Give back the full listing verbatim, apart from its images.

The data
____

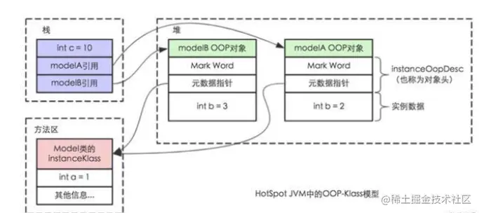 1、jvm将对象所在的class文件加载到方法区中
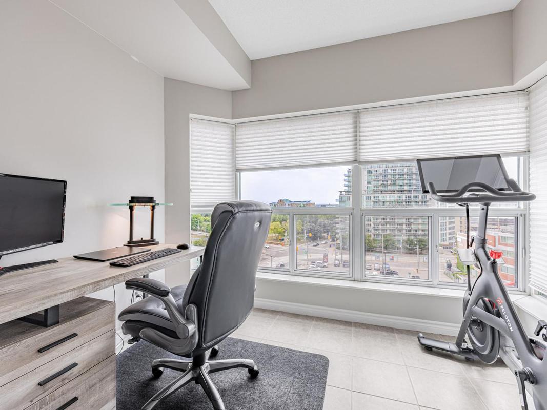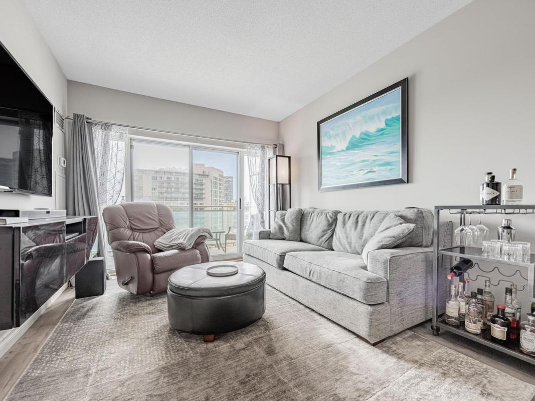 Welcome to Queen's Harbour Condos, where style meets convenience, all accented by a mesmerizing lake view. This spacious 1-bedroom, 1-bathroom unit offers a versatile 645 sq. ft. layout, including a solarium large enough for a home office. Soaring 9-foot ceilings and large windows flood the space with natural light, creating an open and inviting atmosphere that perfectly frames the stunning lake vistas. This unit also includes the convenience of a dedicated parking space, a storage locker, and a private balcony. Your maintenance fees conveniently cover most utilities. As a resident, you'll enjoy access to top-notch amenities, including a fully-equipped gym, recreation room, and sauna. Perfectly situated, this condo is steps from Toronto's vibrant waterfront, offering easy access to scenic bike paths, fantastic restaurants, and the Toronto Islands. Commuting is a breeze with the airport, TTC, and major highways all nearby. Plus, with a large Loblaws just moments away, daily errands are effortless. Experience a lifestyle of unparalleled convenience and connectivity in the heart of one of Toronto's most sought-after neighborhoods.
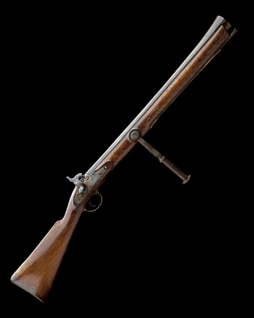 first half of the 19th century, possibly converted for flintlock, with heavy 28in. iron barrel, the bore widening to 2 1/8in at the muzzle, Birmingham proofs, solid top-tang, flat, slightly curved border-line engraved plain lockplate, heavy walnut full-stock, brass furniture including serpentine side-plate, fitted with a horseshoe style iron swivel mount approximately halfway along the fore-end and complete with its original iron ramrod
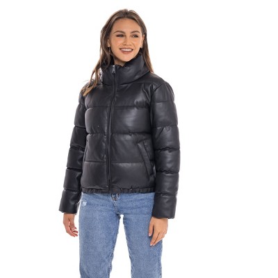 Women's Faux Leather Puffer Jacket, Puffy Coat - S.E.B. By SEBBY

____

Solution for this exercise
 1、jvm将对象所在的class文件加载到方法区中
 Welcome to Queen's Harbour Condos, where style meets convenience, all accented by a mesmerizing lake view. This spacious 1-bedroom, 1-bathroom unit offers a versatile 645 sq. ft. layout, including a solarium large enough for a home office. Soaring 9-foot ceilings and large windows flood the space with natural light, creating an open and inviting atmosphere that perfectly frames the stunning lake vistas. This unit also includes the convenience of a dedicated parking space, a storage locker, and a private balcony. Your maintenance fees conveniently cover most utilities. As a resident, you'll enjoy access to top-notch amenities, including a fully-equipped gym, recreation room, and sauna. Perfectly situated, this condo is steps from Toronto's vibrant waterfront, offering easy access to scenic bike paths, fantastic restaurants, and the Toronto Islands. Commuting is a breeze with the airport, TTC, and major highways all nearby. Plus, with a large Loblaws just moments away, daily errands are effortless. Experience a lifestyle of unparalleled convenience and connectivity in the heart of one of Toronto's most sought-after neighborhoods.
 first half of the 19th century, possibly converted for flintlock, with heavy 28in. iron barrel, the bore widening to 2 1/8in at the muzzle, Birmingham proofs, solid top-tang, flat, slightly curved border-line engraved plain lockplate, heavy walnut full-stock, brass furniture including serpentine side-plate, fitted with a horseshoe style iron swivel mount approximately halfway along the fore-end and complete with its original iron ramrod
 Women's Faux Leather Puffer Jacket, Puffy Coat - S.E.B. By SEBBY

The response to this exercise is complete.